__Data extracts__
————————
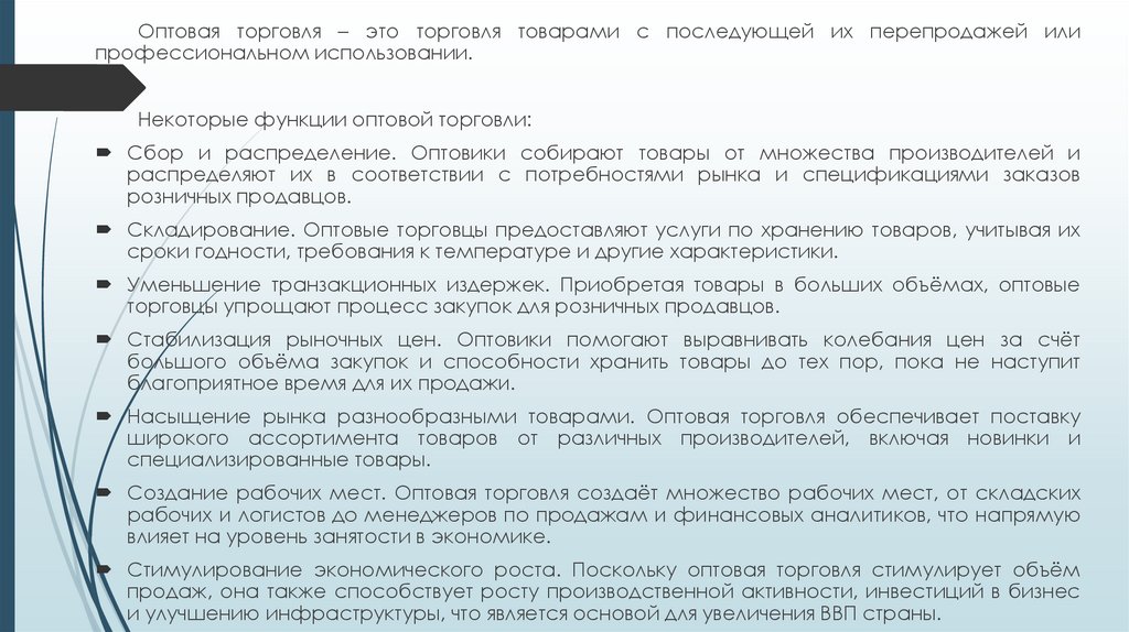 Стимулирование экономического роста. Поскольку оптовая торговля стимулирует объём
————————
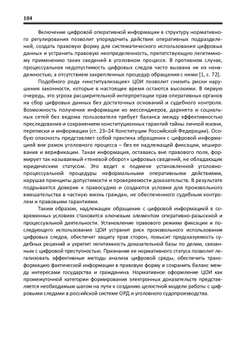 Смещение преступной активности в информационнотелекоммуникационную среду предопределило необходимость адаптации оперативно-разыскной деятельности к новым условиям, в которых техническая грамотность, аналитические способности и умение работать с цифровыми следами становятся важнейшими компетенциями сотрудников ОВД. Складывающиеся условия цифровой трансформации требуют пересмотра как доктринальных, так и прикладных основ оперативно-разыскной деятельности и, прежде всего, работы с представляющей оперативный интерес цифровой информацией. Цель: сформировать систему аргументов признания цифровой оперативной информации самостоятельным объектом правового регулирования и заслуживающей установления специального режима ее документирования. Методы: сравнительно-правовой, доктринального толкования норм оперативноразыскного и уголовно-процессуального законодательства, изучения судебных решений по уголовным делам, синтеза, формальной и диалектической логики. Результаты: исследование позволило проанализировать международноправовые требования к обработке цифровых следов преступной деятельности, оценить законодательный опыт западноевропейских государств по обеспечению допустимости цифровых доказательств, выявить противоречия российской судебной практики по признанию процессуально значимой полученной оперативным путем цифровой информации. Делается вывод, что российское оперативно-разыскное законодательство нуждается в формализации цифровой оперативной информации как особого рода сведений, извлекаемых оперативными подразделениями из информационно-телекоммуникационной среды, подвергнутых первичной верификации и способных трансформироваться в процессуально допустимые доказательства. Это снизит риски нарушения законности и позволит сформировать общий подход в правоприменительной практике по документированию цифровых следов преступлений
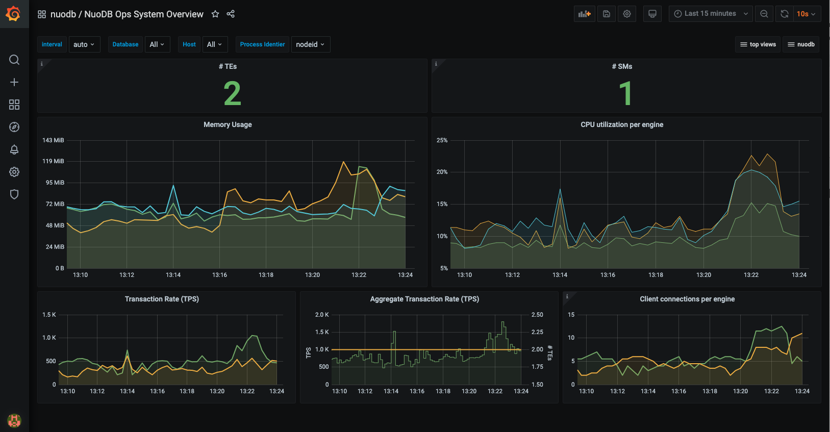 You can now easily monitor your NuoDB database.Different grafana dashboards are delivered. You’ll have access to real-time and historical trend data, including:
————————
__Your assignment__
Copy exactly, without pictures, the lines above from the one with "Смещение преступной активности" down to the one with "You can now", inclusive.

__Written solution__
 Смещение преступной активности в информационнотелекоммуникационную среду предопределило необходимость адаптации оперативно-разыскной деятельности к новым условиям, в которых техническая грамотность, аналитические способности и умение работать с цифровыми следами становятся важнейшими компетенциями сотрудников ОВД. Складывающиеся условия цифровой трансформации требуют пересмотра как доктринальных, так и прикладных основ оперативно-разыскной деятельности и, прежде всего, работы с представляющей оперативный интерес цифровой информацией. Цель: сформировать систему аргументов признания цифровой оперативной информации самостоятельным объектом правового регулирования и заслуживающей установления специального режима ее документирования. Методы: сравнительно-правовой, доктринального толкования норм оперативноразыскного и уголовно-процессуального законодательства, изучения судебных решений по уголовным делам, синтеза, формальной и диалектической логики. Результаты: исследование позволило проанализировать международноправовые требования к обработке цифровых следов преступной деятельности, оценить законодательный опыт западноевропейских государств по обеспечению допустимости цифровых доказательств, выявить противоречия российской судебной практики по признанию процессуально значимой полученной оперативным путем цифровой информации. Делается вывод, что российское оперативно-разыскное законодательство нуждается в формализации цифровой оперативной информации как особого рода сведений, извлекаемых оперативными подразделениями из информационно-телекоммуникационной среды, подвергнутых первичной верификации и способных трансформироваться в процессуально допустимые доказательства. Это снизит риски нарушения законности и позволит сформировать общий подход в правоприменительной практике по документированию цифровых следов преступлений
 You can now easily monitor your NuoDB database.Different grafana dashboards are delivered. You’ll have access to real-time and historical trend data, including:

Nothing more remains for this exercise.